Essa guerra tem, obviamente, de ser combatida pela força das armas e da imposição das normas de sã convivência social, mas só pode ser ganha com a vitória das ideias de Liberdade, de Democracia, de Respeito pelas Identidades de Todos sobre a estreita e mesquinha mentalidade de quem se acha o detentor da única verdade admissível.

Não é cedendo a medos e endossando populismos que vamos lá. Não é fechando fronteiras que obtemos segurança. Não é rejeitando os outros por serem diferentes de nós e parecidos com a matilha fundamentalista, mas também dela vítimas, e quantas vezes mais direta, grave e profundamente vítimas dos raivosos de pensamento único, que extirpamos o cancro que ataca o corpo da nossa sociedade global.

Temos de ter a sensatez e a força de compreender que religião não tem nada a ver com fundamentalismo terrorista, designadamente que muitos muçulmanos sofrem também ataques ferozes por parte de pretensos guardiães das pretensas purezas de uma fé que distorcem, enfim que distinguir a religião islâmica da caricatura nojenta que dela fazem os que usam o terror e o fundamentalismo para desvirtuar o que é uma crença tão respeitável como as demais.

Deus, Jeovah, Allah, são apenas designações diveras do mesmo e único Criador. É estúpido - sobretudo profundamnete estúpido! - que se trucidem pessoas apenas em função e em nome de uma alegada pureza e superioridade de que se arrogam uns quantos - afinal seres de vistas curtas e horizontes muitíssimo limitados! - que não só se arrogam detentores de pretensa verdade absoluta como buscam impô-la pela força e pelo terror a quem dessa pretensa verdade absoluta se desvie um milímetro que seja.

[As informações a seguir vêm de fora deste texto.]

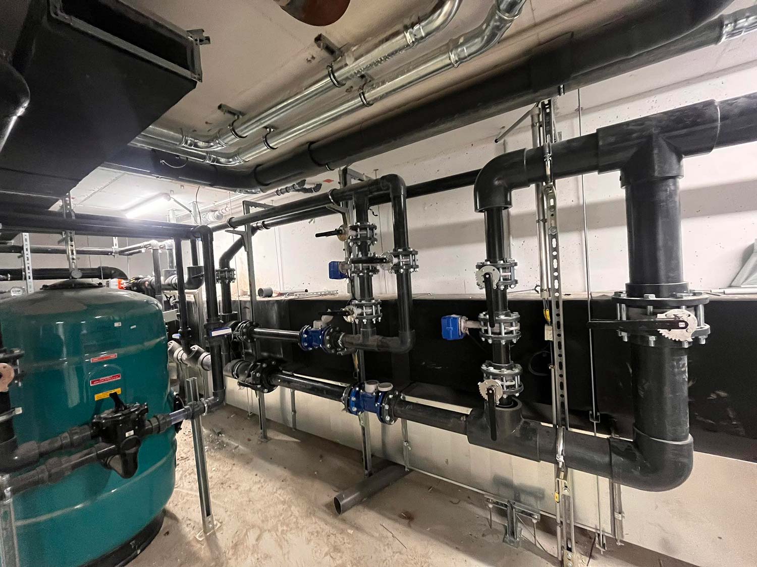 Bizonyos gépészeti elemeket a medencetest falába, néhányat pedig a padlóba helyezünk el. Ezeket hívjuk szerelvényeknek, amik már az építés során a helyükre kerülnek. A többi gépészeti elem a gépházban kap helyet.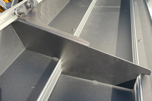 This tray divider is a handy accessory for our Range Industries Rivian R1T Gear Tunnel Slide. This aluminum divider helps you organize your gear tunnel slide and keep your cargo from sliding around. Includes one divider and all hardware necessary for install.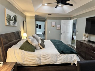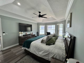 Completely remodeled 3-bedroom, 2-bath single-story home with a 2-car garage in the highly desirable gated community of Symphony Bay. This light and bright home features vaulted ceilings, a spacious open layout, and a split floor plan. Situated on a corner lot with a screened patio, lanai, and grassy yard--perfect for outdoor living. The updated kitchen boasts granite countertops, crisp white cabinets, tiled backsplash, and stainless-steel appliances. Recessed lighting throughout adds a modern touch. The luxurious primary suite includes tray ceilings, walk-in closet, dual sinks, soaking tub, and separate shower. Full accordion shutter storm protection. Enjoy resort-style amenities: pool, tennis, basketball, pickleball, playground, gym, and clubhouse.Zoned for A-rated schools and just steps from Publix and The Reserve at Boca shopping center with easy access to highways. Tenant to pay Electric, Water, Cable, Internet & Renters Insurance.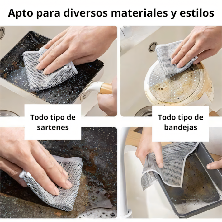 Su tecnología de mallado doble capa de alambre metálico es capaz de eliminar las manchas más difíciles sin dañar tus utensilios de cocina , una diferencia de los estropajos de toda la vida.

A longo prazo, a vitória sobre estes ignorantes e canhestros fundamentalistas obter-se-á, não pela rejeição ou medo do diferente, mas pela inclusão e diálogo aberto entre os diferentes, inclusão e diálogo que inevitavelmente mostrarão a todos que, afinal, os aparentemente diferentes são essencialmente iguais! Essa será a forma como isolaremos os tumores e os extirparemos do seio da Humanidade! 

Há umas centenas de anos, a Europa dilacerava-se em nome de diferentes conceções religiosas. Um espaço houve onde se podiam juntar todos os que tinham diferentes conceções, desde que de boa vontade, coração puro e espírito de fraternidade para o seu semelhante. Foram as Lojas maçónicas. Aí germinaram as sementes da Tolerância, da Liberdade, da Igualdade, da Fraternidade, do Respeito pelos Direitos Humanos, que conduzirama Humanidade a tempos de Paz e de Progresso.

Hoje, perante a ameaça de fundamentalismos, de extremismos, de populismos, a Maçonaria continua a ser um espaço de diálogo, de fraternidade, de debate entre iguais, ainda que aparentemente diferentes. Aqui se continuam a deitar as sementes, e a cuidar para que germinem e cresçam, da Tolerância, da Paz e da Concórdia.

À bruta força dos extremismos, a Maçonaria contrapõe a Sabedoria, a sã Força e a Beleza das ideias da Tolerância, da Liberdade, da Igualdade, da Fraternidade, do Respeito pelos Direitos Humanos. A Maçonaria, as suas Lojas, os seus debates serenos, a sua Fraternidade, estão na linha de combate ao obscurantismo. E, no final, serão os nossos Valores que vencerão. Porque são as ideias que vencem o terror!